## What this task involves
Reproduce the records precisely. Omit every picture.

## Listed records
>>>>

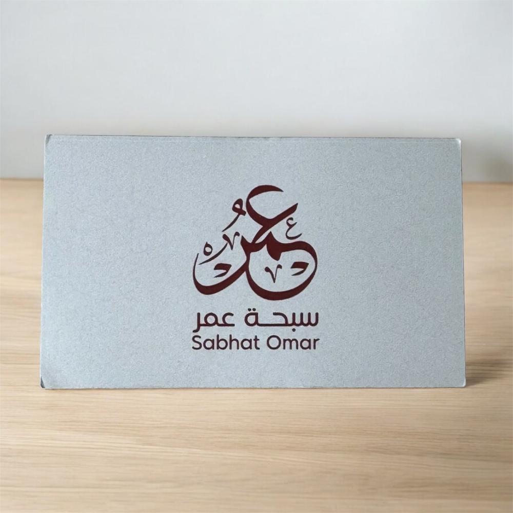 - الشعارات: يحمل الكرت شعار "سبحة عمر" بتصميم مميز، مما يضيف لمسة من الفخامة.
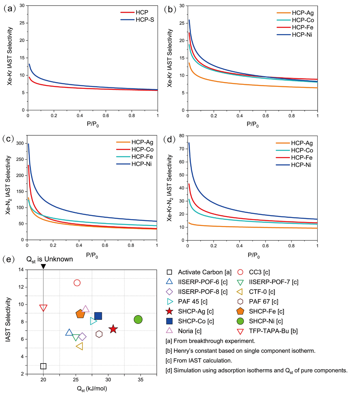 图5HCP-M的IAST选择性:20/80的Xe/Kr(a-b),1/99 Xe/N2(c)和0.5%Xe、0.05%Kr、99.45% N2的三元混合物(d)。
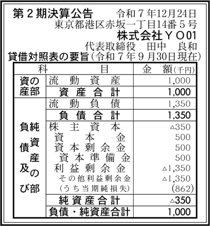 | 会社名 | 株式会社YO01 |
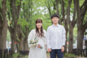 恥ずかしさもあって思わずはにかみ笑顔なお二人が微笑ましいです・・!
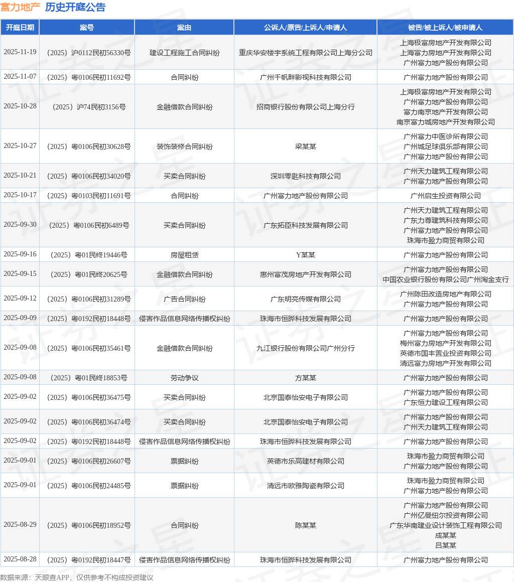 案号:(2025)沪74民初3156号根据统计,近一年内以广州富力地产股份有限公司为当事人的历史开庭公告有272则,其中案由为“买卖合同纠纷”的公告以62则居首,其次为“票据纠纷”有29则,“广告合同纠纷”有28则。历史开庭公告(前20条)如下:
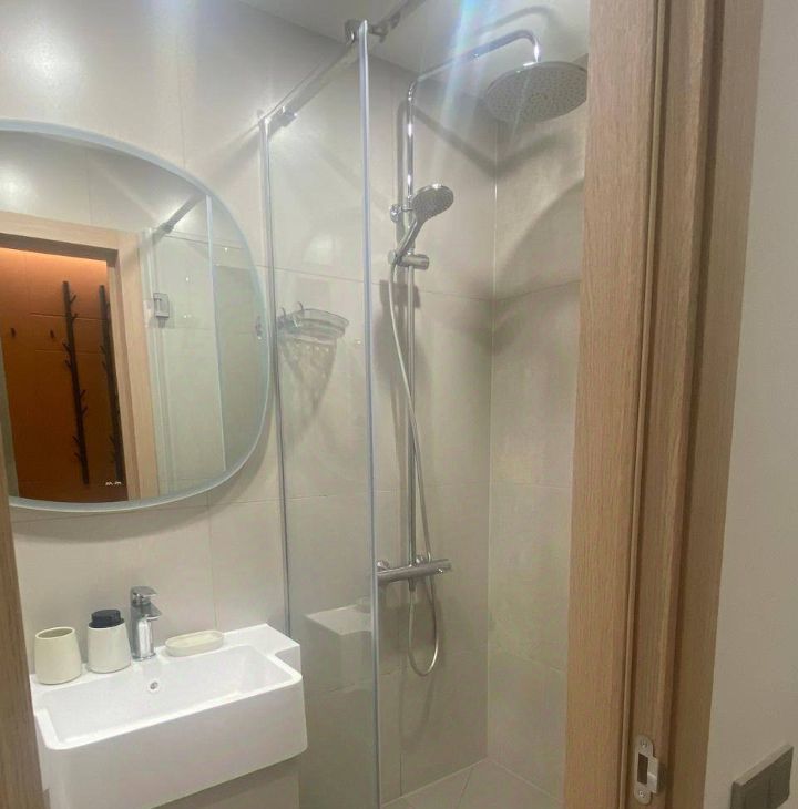 Собственный санузел с душем и туалетом. Утюг и фен.Стиральной машинки нет.
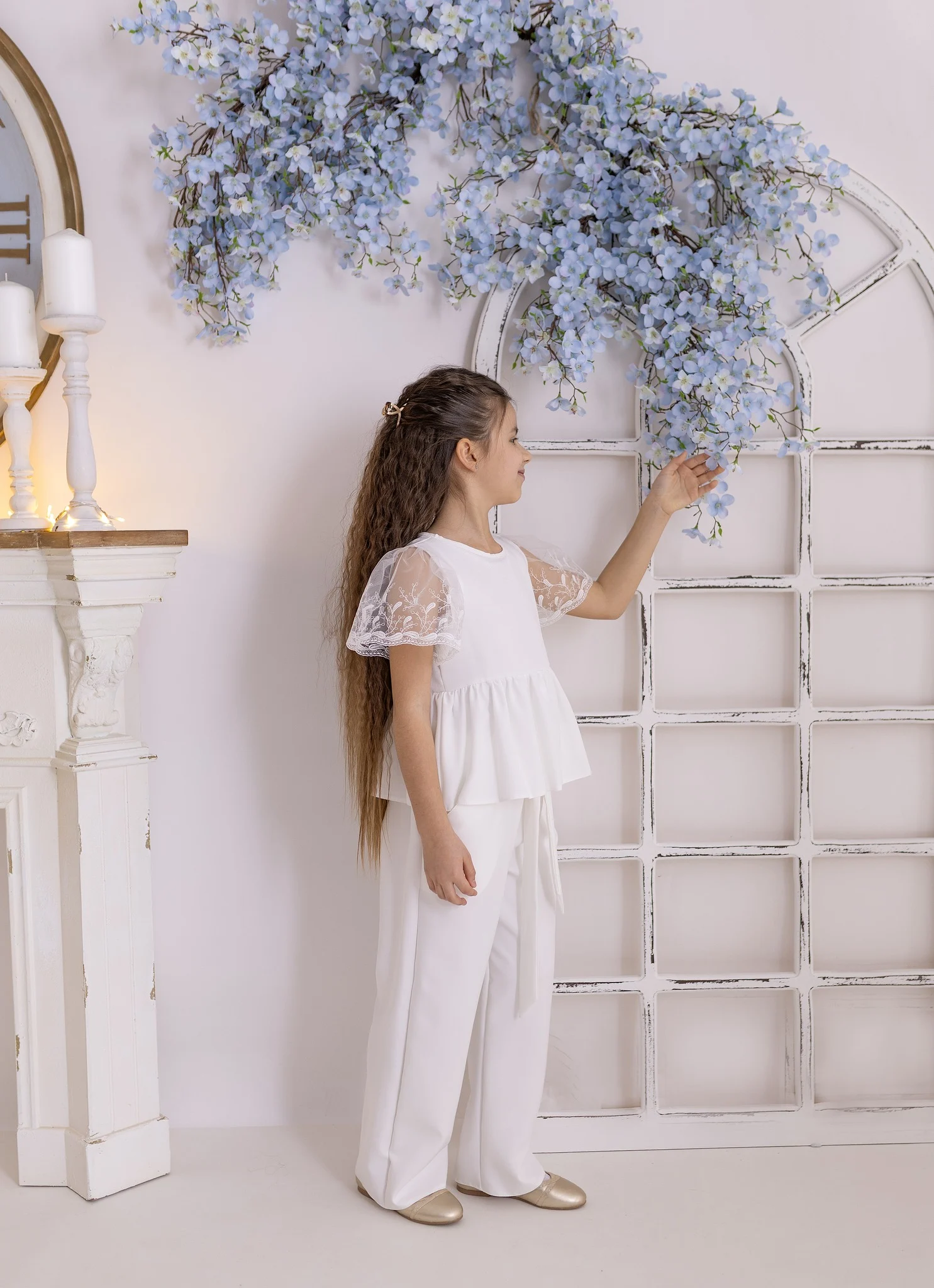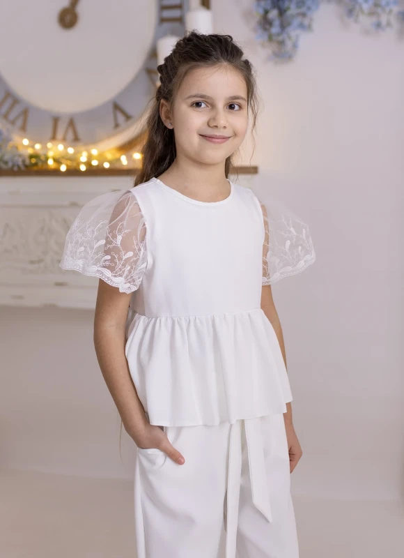 Zapewnij swojej córce wyjątkowy wygląd i pełną swobodę podczas przyjęcia komunijnego. Nasz śmietankowy kompletto doskonała alternatywa dla klasycznej sukienki – łączy w sobie nowoczesny styl z nutką tradycyjnej elegancji.
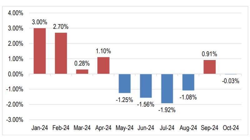 Όπως φαίνεται και στο παραπάνω γράφημα, από τις αρχές του έτους σημειώνεται άνοδος σε πέντε μήνες (Ιανουάριος, Φεβρουάριος, Μάρτιος, Απρίλιος και Σεπτέμβριος), ενώ μείωση καταγράφεται επίσης σε πέντε μήνες (Μάιος, Ιούνιος, Ιούλιος, Αύγουστος και Οκτώβριος).
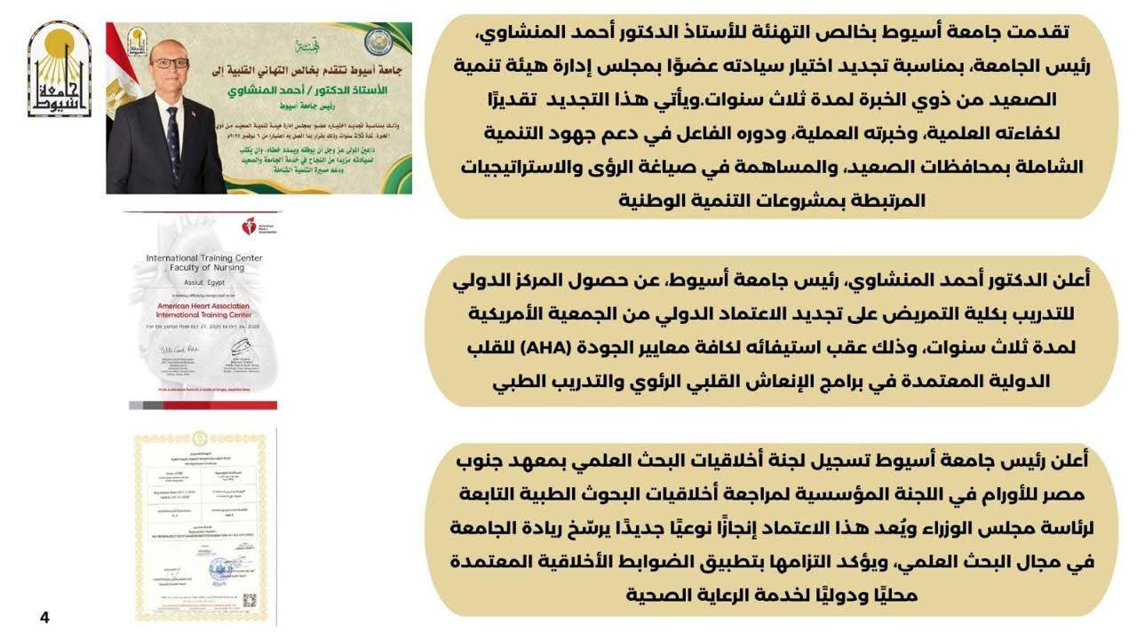 • تقدمت جامعة أسيوط بخالص التهنئة للأستاذ الدكتور أحمد المنشاوي، رئيس الجامعة، بمناسبة تجديد اختيار سيادته عضوًا بمجلس إدارة هيئة تنمية الصعيد من ذوي الخبرة، اعتبارًا من ٦ نوفمبر ٢٠٢٥ ولمدة ثلاث سنوات.ويأتي تجديد اختيار الأستاذ الدكتور أحمد المنشاوي تقديرًا لكفاءته العلمية، وخبرته العملية، ودوره الفاعل في دعم جهود التنمية الشاملة بمحافظات الصعيد، والمساهمة في صياغة الرؤى والاستراتيجيات المرتبطة بمشروعات التنمية الوطنية.

<<<<

## Completed exercise
 - الشعارات: يحمل الكرت شعار "سبحة عمر" بتصميم مميز، مما يضيف لمسة من الفخامة.
 图5HCP-M的IAST选择性:20/80的Xe/Kr(a-b),1/99 Xe/N2(c)和0.5%Xe、0.05%Kr、99.45% N2的三元混合物(d)。
 | 会社名 | 株式会社YO01 |
 恥ずかしさもあって思わずはにかみ笑顔なお二人が微笑ましいです・・!
 案号:(2025)沪74民初3156号根据统计,近一年内以广州富力地产股份有限公司为当事人的历史开庭公告有272则,其中案由为“买卖合同纠纷”的公告以62则居首,其次为“票据纠纷”有29则,“广告合同纠纷”有28则。历史开庭公告(前20条)如下:
 Собственный санузел с душем и туалетом. Утюг и фен.Стиральной машинки нет.
 Zapewnij swojej córce wyjątkowy wygląd i pełną swobodę podczas przyjęcia komunijnego. Nasz śmietankowy kompletto doskonała alternatywa dla klasycznej sukienki – łączy w sobie nowoczesny styl z nutką tradycyjnej elegancji.
 Όπως φαίνεται και στο παραπάνω γράφημα, από τις αρχές του έτους σημειώνεται άνοδος σε πέντε μήνες (Ιανουάριος, Φεβρουάριος, Μάρτιος, Απρίλιος και Σεπτέμβριος), ενώ μείωση καταγράφεται επίσης σε πέντε μήνες (Μάιος, Ιούνιος, Ιούλιος, Αύγουστος και Οκτώβριος).
 • تقدمت جامعة أسيوط بخالص التهنئة للأستاذ الدكتور أحمد المنشاوي، رئيس الجامعة، بمناسبة تجديد اختيار سيادته عضوًا بمجلس إدارة هيئة تنمية الصعيد من ذوي الخبرة، اعتبارًا من ٦ نوفمبر ٢٠٢٥ ولمدة ثلاث سنوات.ويأتي تجديد اختيار الأستاذ الدكتور أحمد المنشاوي تقديرًا لكفاءته العلمية، وخبرته العملية، ودوره الفاعل في دعم جهود التنمية الشاملة بمحافظات الصعيد، والمساهمة في صياغة الرؤى والاستراتيجيات المرتبطة بمشروعات التنمية الوطنية.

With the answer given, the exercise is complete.